Short version: One can define a version of the Lefschetz fixed point theorem using any homology or cohomology theory. All versions will be true on some topological spaces, since they agree on some topological spaces, but some might be true more generally than others. If two versions have the same generality, one might be more exact, and make stronger statements. Under this criterion of goodness, which one is best?
Potential answer: Is the Lefschetz fixed point theorem true for Čech cohomology on all T3 compact spaces?
Intuition: Suppose there is a continuous map from a topological space $X$ to itself. Does this have a fixed point?
This is an extraordinarily elementary question. It makes sense to ask this question about any topological space. Yet the tools that are typically used to answer it are usually very specific, referring to special topological spaces like $\mathbb R^n$.
The Lefschetz fixed point theorem is a powerful result in this area. It is usually defined in terms of singular homology, which is not an elementary construction at all. But one could easily use another homology or cohomology theory to calculate the matrix chases and, thereby, the number of fixed points.
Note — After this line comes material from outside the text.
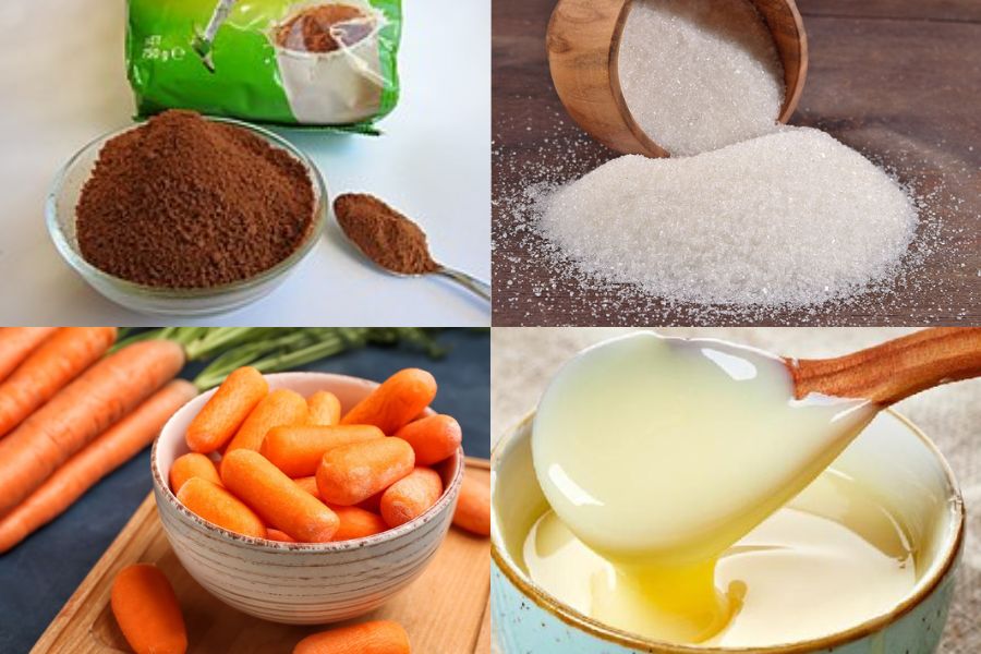 - Bước 2: Pha hỗn hợp gồm 30g đường 4g bột rau câu và 300ml nước ép cà rốt.

In particular Čech cohomology seems extraordinarily elementary, being defined entirely in terms of open sets and their intersections. Therefore, one would expect Čech cohomology to be the best one.
Consider, as an example, the topologist's sine curve. All maps from it to itself have a fixed point. But under singular homology it has characteristic 2, not 1. Čech gives characteristic 1 and is thus more exact.
Edit: I'm more interested in the weak than the strong version of the theorem, because the weak version is presumably more generalizable. I'm interested in any sort of information that compares the theorem in different theories even if it doesn't fall into a strict/better worse dichotomy.